RT-PCR: real-time RT-PCR (reverse transcriptase-polymerase chain reaction); for ERΔ3, ERα, and ERβ RPA: ribonuclease protection assay; for ERΔ3 and ERα on a different female mouse than for RT-PCR nd: not determined (tissue not examined for ERβ expression)

↑, ERΔ3 levels higher than ERα/ERβ; =, ERΔ3 levels are similar to ERα/ERβ; ↓, ERΔ3 levels lower than ERα

Figure 2. Comparison of transgene expression in multiple tissues of adult ERΔ3 male and female mice and detection of ERα protein in WT and ERΔ3 female mice.

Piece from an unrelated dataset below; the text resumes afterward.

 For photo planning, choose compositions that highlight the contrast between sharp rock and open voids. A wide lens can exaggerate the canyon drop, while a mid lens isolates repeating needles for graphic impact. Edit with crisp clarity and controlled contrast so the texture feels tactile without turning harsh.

Total RNA was analyzed for ERΔ3 transgene transcripts by real-time RT-PCR from tissues dissected from a line D and line F female and line F male mouse. ΔCT value is shown for each tissue based on normalization to the cyclophilin A (Ppia) gene. Lower ΔCT values indicate higher expression levels. Expression relative to ERα and ERβ for these tissues is shown in Table 2. A. Comparisons between female mice for lines D and F are shown for ERΔ3 expression levels (n=1). B. Relative expression between male and female line F mice is indicated for the ERΔ3 transgene (n=1). Gonads represent the ovaries for the female and testes for the male mice. C. A protein in the appropriate size range for the ERΔ3 variant was detected by western blot analysis in the uteri of line D and F ERΔ3 mice in estrus using an antibody directed against the carboxy-terminus of ERα (MC-20). The images for the two uteri each from 3-month-old WT (FVB/N), line F, and line D mice were obtained from the same 10% gel and blot. The band for WT ERα is noted by the upper arrow at 66 kDa and the lower arrow corresponds to the smaller size expected for the ERΔ3 variant (approximately 61–62 kDa). The 70 kDa marker is indicated at the line marked with 70.

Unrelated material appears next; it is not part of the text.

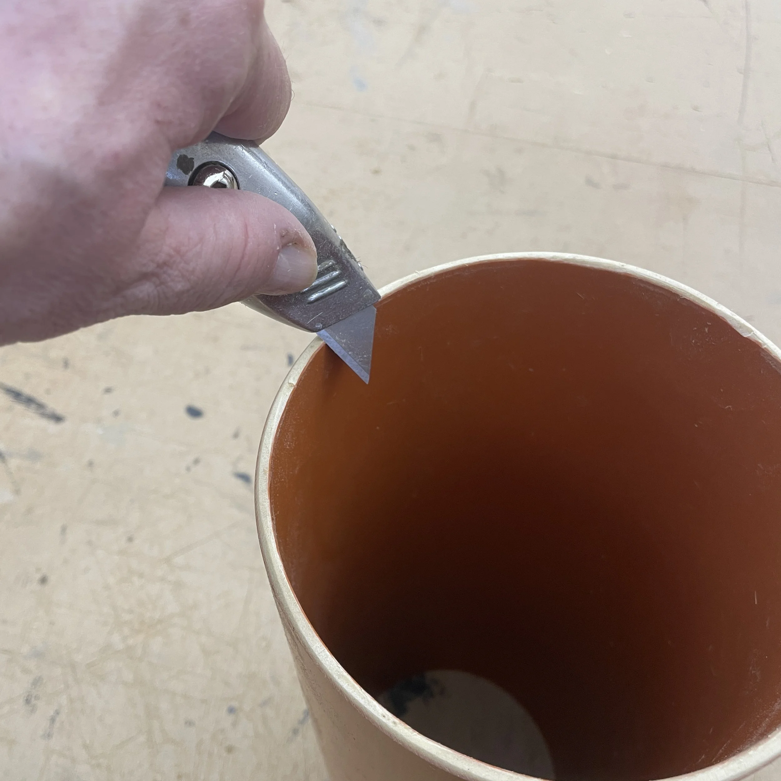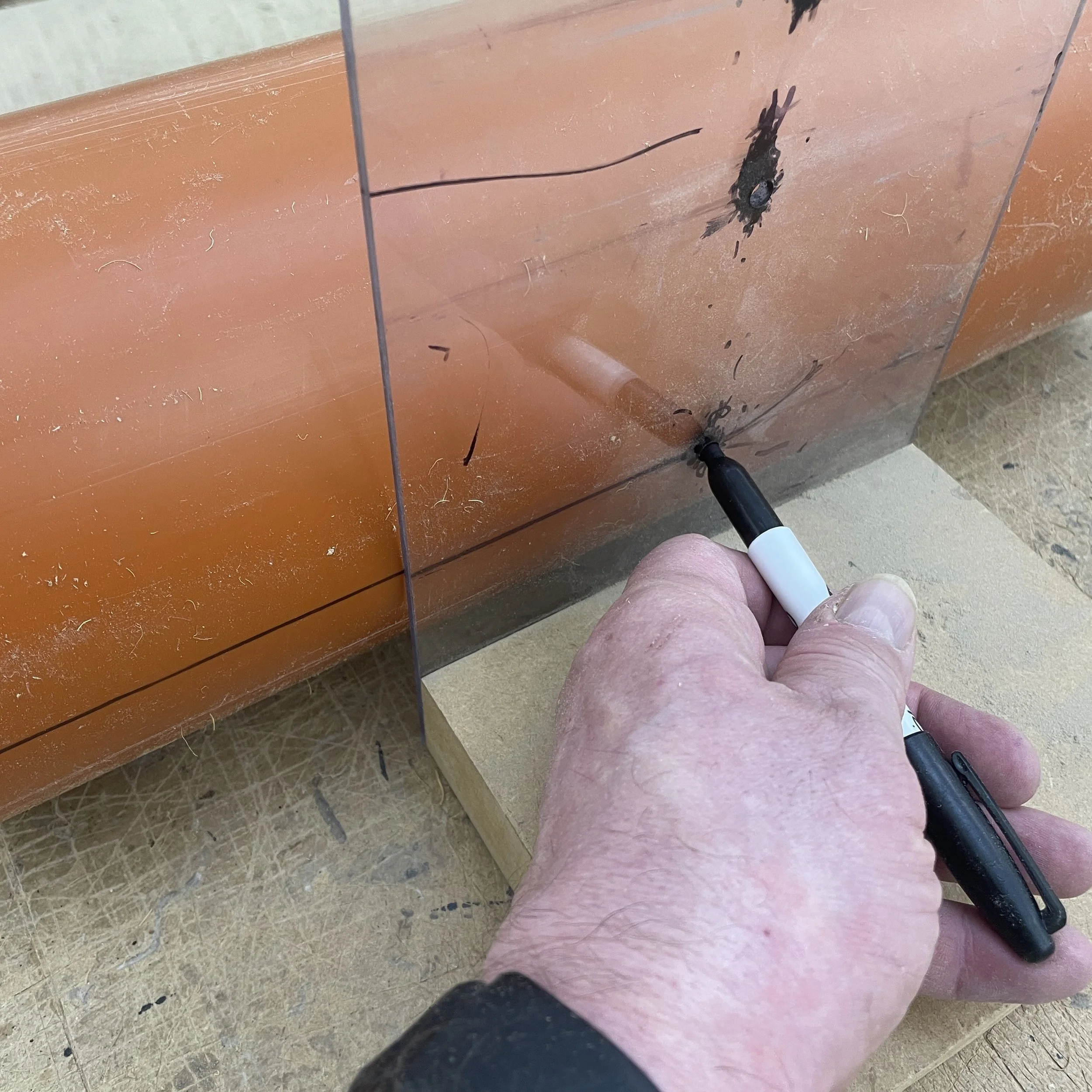 Scribe a horizontal line along the length of the cut tube - we use a template to do this but you can rest a pen on top of anything that’s approximately 8cm tall then run it along the length of the tube.

There is no evidence of infertility or diminished reproductive functions in the males or females in lines D and F. In the hemizygous mice, the only evident phenotype occurs in line F females, which develop spontaneous cataracts after puberty [49]. In dizygous mice, the growth of line D male and female mice is stunted, resulting in adult body weights that are less than half the weight of the WT (FVB/N), hemizygous line D and F, or dizygous line F mice (data not shown). It is unknown if the stunted growth in dizygous line D mice is related to transgene expression or due to the disruption of an unknown gene important for growth at the site of transgene insertion. Thus, only hemizygous mice were studied for DES-induced uterine cancer.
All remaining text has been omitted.